The Chukchi in the farthest eastern parts of nothern Siberia have suffered the most from vodka. Some reindee herds have been competely decimated in return for groceries and vodka, leaving the people with nothing once the food was gone.

The chapter on his family’s first visit to Siberia was very interesting as he talks about their reactions to the places he loves, his fears about their visit, and their insights into the lives of the Even. In the chapter that comes the closest to a travelogue, “How to summon a helicopter,” he writes of their adventures in getting out of their camp when helicopters couldn’t get through for days.

I had only two minor irritations with the book. First, the author refers to the people as Eveny throughout the book instead of Even. He decided to do this because “even” is also a word in English and it could be confusing to the reader, a reasonable concern. “Eveny” is the Russian plural of the word. I’d have preferred to see Even used, but when this is a book that’s probably going to be read by people who’ve never heard of the Even anyway, it’s understandable.

I also wished that he wrote more about the years between 1995 and today (the book was published in 2005). Throughout the former Soviet Union things were pretty bad for a few years, and then started to improve in many places. I was, and still am, curious to know if that was the case in Siberia also. Those improvements certainly came more quickly in some places than in other places, but quite a few people in Kyrgyzstan said that it was in about 1995 or 1996 that things weren’t so awful.
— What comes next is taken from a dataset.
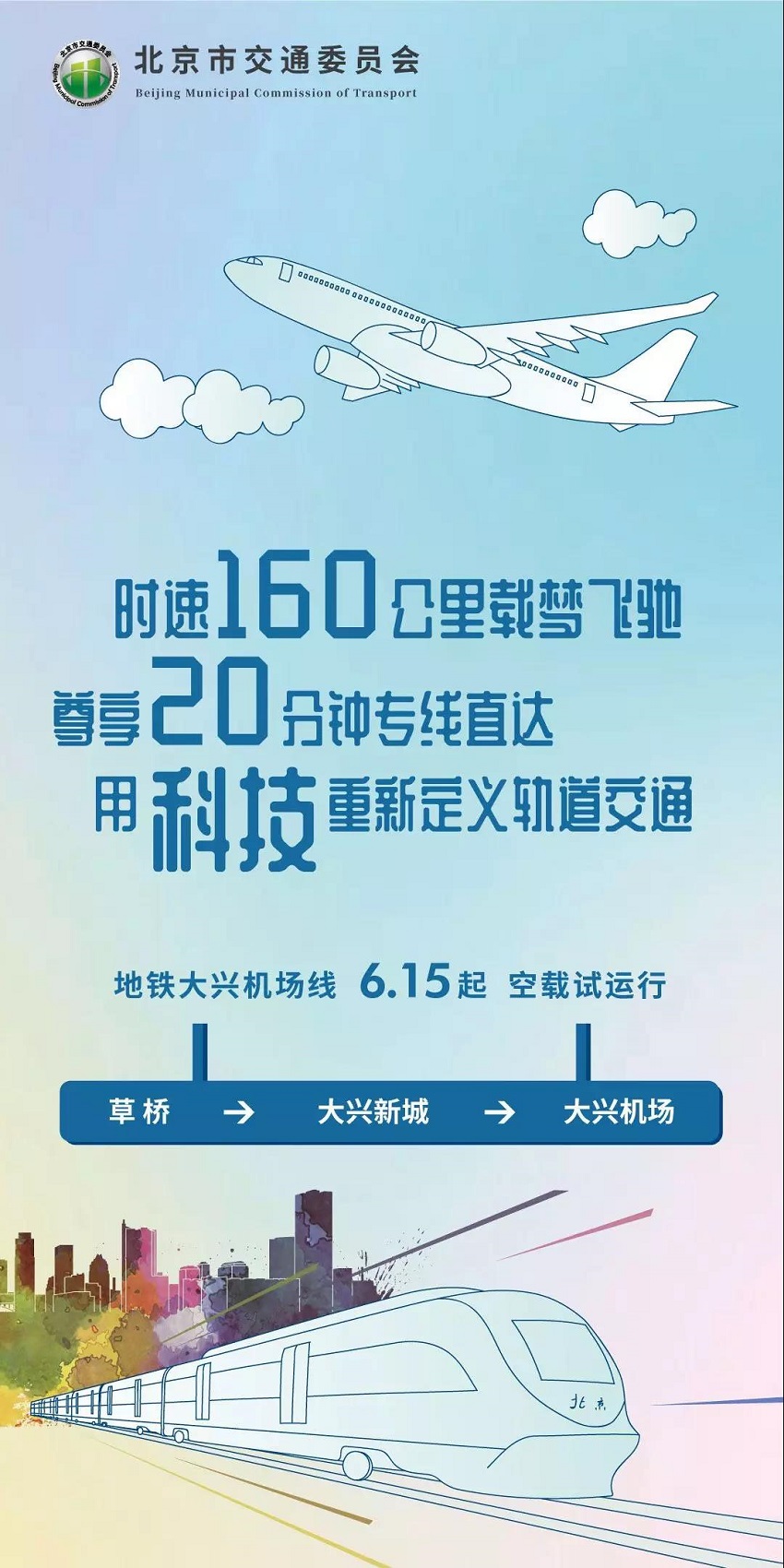 随着北京大兴国际机场通航,部分航空公司迁址,一些航空旅客将也将由首都国际机场分流至大兴机场,新机场线的开通,将为中心城区、丰台、大兴、房山、通州等区的出行旅客提供了更为便捷的交通条件,对带动大兴地区经济文化发展也起着至关重要的作用。同时也呼吁广大航空旅客绿色出行,助力北京低碳城市发展,推进首都生态文明建设。

There really was very little about shamanism in the book despite its title; shamanism has been almost completely destroyed in Siberia, even more so than Islam was dismantled in Central Asia. Still the last part does talk about shamanism and the religious beliefs of the people (chapter 11, “Animal souls and human destiny” was particularly good).

So that’s my very long review of an excellent book. Definitely worth reading and highly recommended.

1 comment:

  1. I've always been intrigued by Siberia. It appears, to me, to be the one place in Russia where people can be halfway free.